The remains of sea mammals are tightly restricted under federal and state law, making it a crime to take any part of a whale that washes ashore. In Northern California, the California Academy of Sciences in San Francisco typically has first dibs on any sea carcass, and more than a half dozen other agencies usually claim samples, leaving few opportunities for anyone else.
But Sudran saw his chance when he noticed that most of the usual science institutions weren’t pouncing on this whale. Most of the other organizations explained they already had plenty of whale bones.
So Sudran decided to make a go for it, and he applied for permits through a hodgepodge of agencies. He also brought up the idea to Pescadero Elementary School Principal Pat Talbot.

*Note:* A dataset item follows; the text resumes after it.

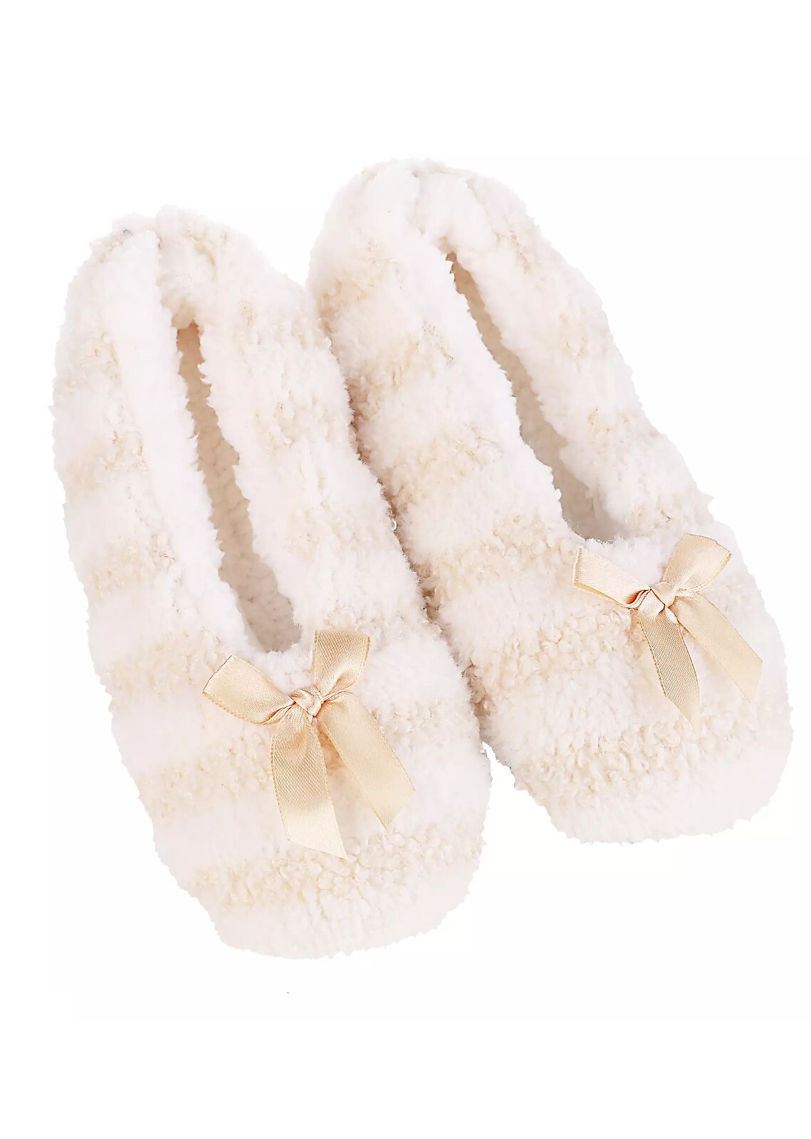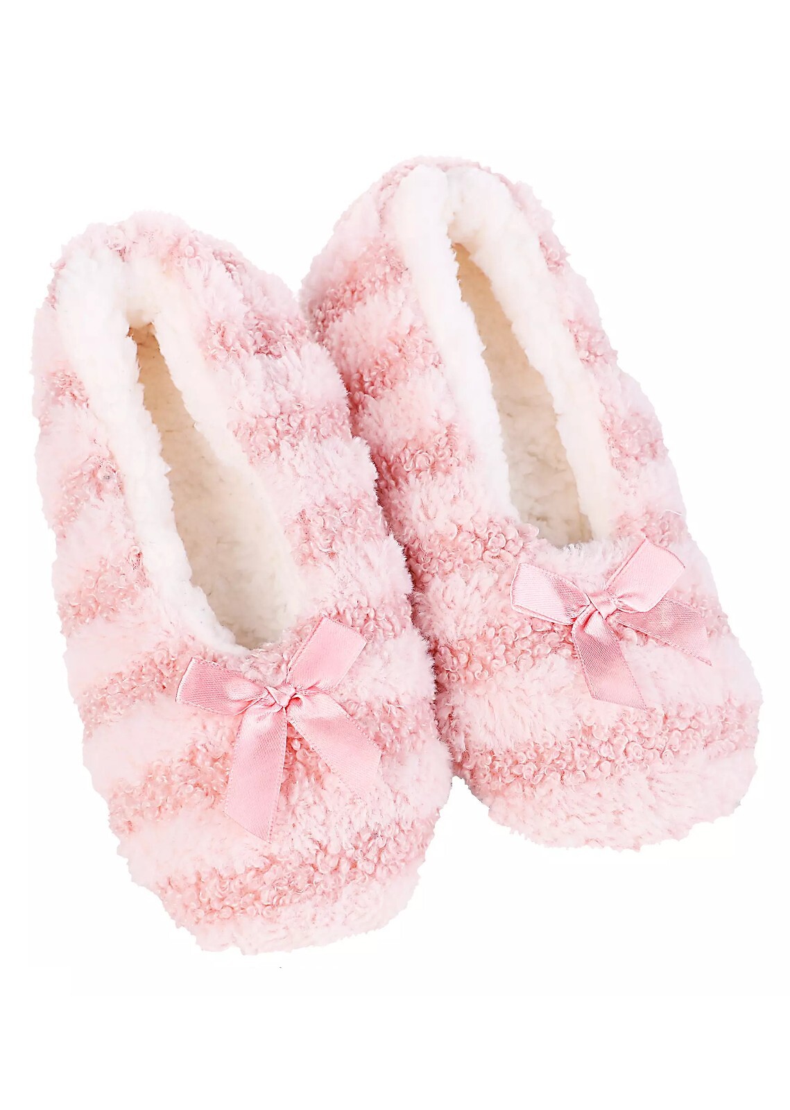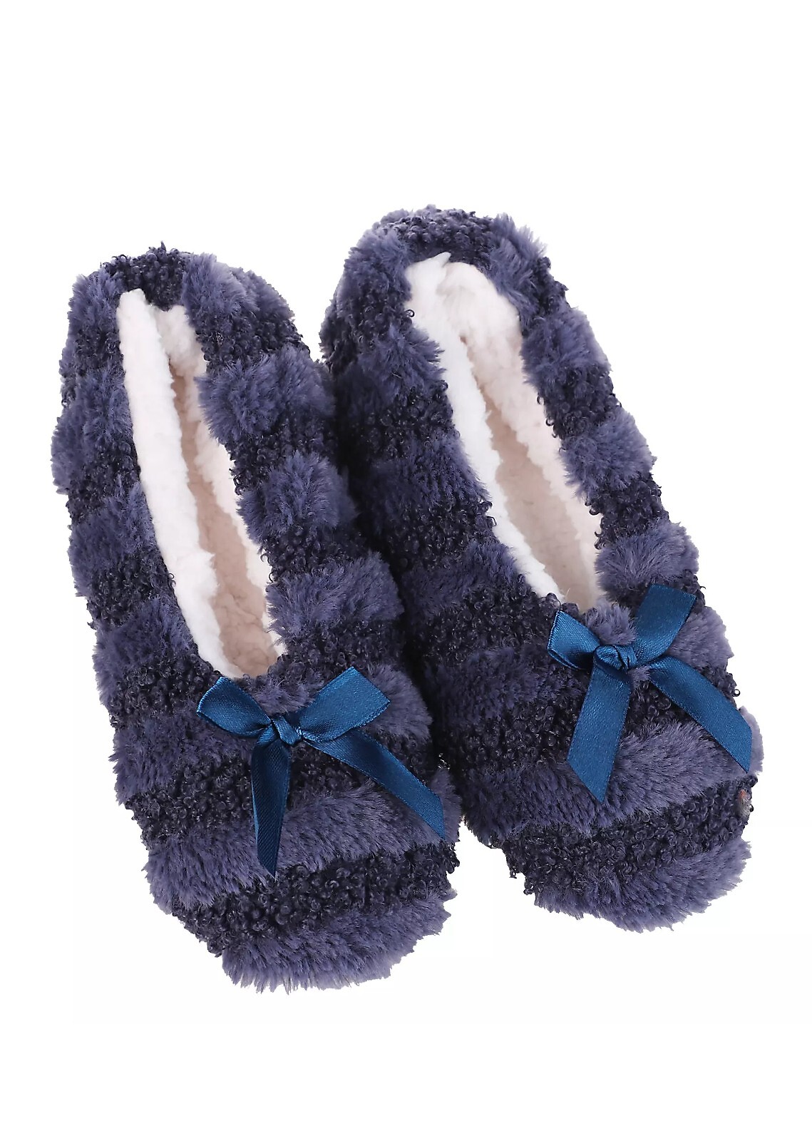 Dámské pantofle - střih baletních pantoflí - měkký úplet - vzor s vyvýšenými pruhy, ozdobná saténová mašle - nadýchaný měkký úplet na vnitřní straně - mírně vyztužený, protiskluzová úprava paty - dostupné barvy: ecru, růžová, jeans - vybrány náhodně Složení: 100% polyester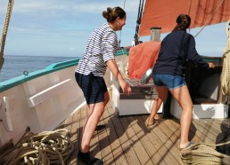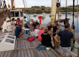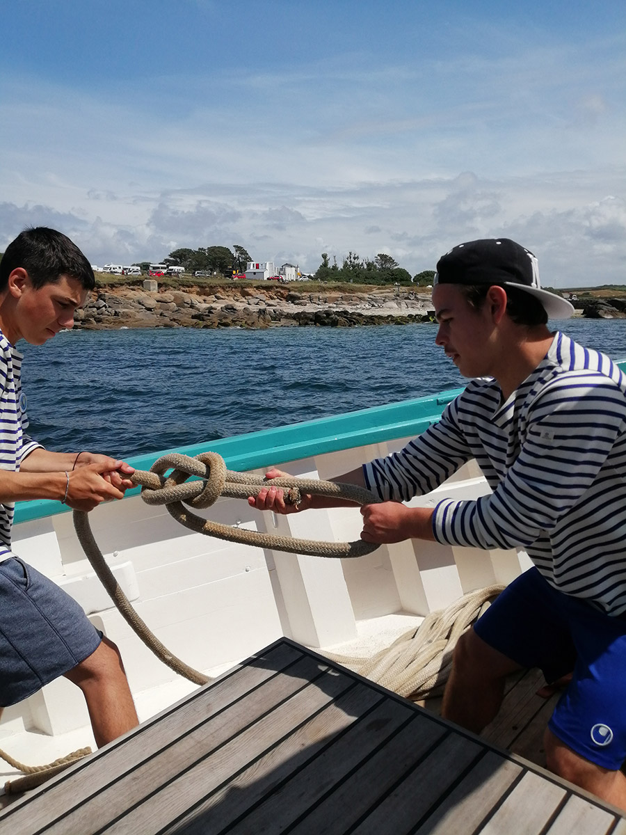 Vendredi 26 juillet 2019 : Navigation houleuse vers l’Aber Ildut, avec une belle surprise, la visite des dauphins. On surf la vague pour suivre les mouvements du bateau.

“I told her it’s probably crazy, but this huge whale bone could be in front of your school,” he recalled.
Talbot agreed the bones would be a powerful tool for teaching because most of the student body was already interested in the huge whale that washed up on their shores. Everyone could smell the rotting carcass, and many students had visited the beach to see the whale firsthand.
“There was a real local connection,” Talbot said. “This wasn’t just a whale bone in a museum. This was one they saw, and certainly smelled, from the beginning.”
In the end, the small South Coast school received approval to take the huge mandible — part of which was broken. Sudran took other various bones including ribs and vertebrae and has been donating them to other researchers and educators.
For now, the bones are actually in Sudran’s backyard. He lives right in the neighborhood of Pescadero Elementary. The hauling team brought the bones to Sudran’s backyard to let the largest bones dry out before bringing them out to the school, which should lighten the weight of the bones considerably.
As its largest bone, the mandible of a blue whale is crucial for drawing in huge amounts of seawater and krill to feed the gentle beast. The blue doesn’t have teeth on its jaws, but rather baleen, which are used like a sieve to expel water but retain krill.
The jawbone will be mounted at the school by the start of the next academic year. Talbot has suggested that the school could develop some teaching curriculum around it. Off the cuff, she proposed students could learn math by calculating the krill a whale would need to eat, or learn writing by composing stories about the whale journeying across the sea.
Sudran proposed the jawbone could also make an excellent addition to the school playground — it’s large, sturdy, easily climbable and not sharp at all.
Markegard, the cowboy hauler, says he was happy to use his pickup truck to help the kids at Pescadero Elementary, and he’s reminded of it every time he gets behind the steering wheel.
“My truck, my clothes, everything still reeks of dead whale,” he said. “I’m lucky I’m married, otherwise I’d never get a date.”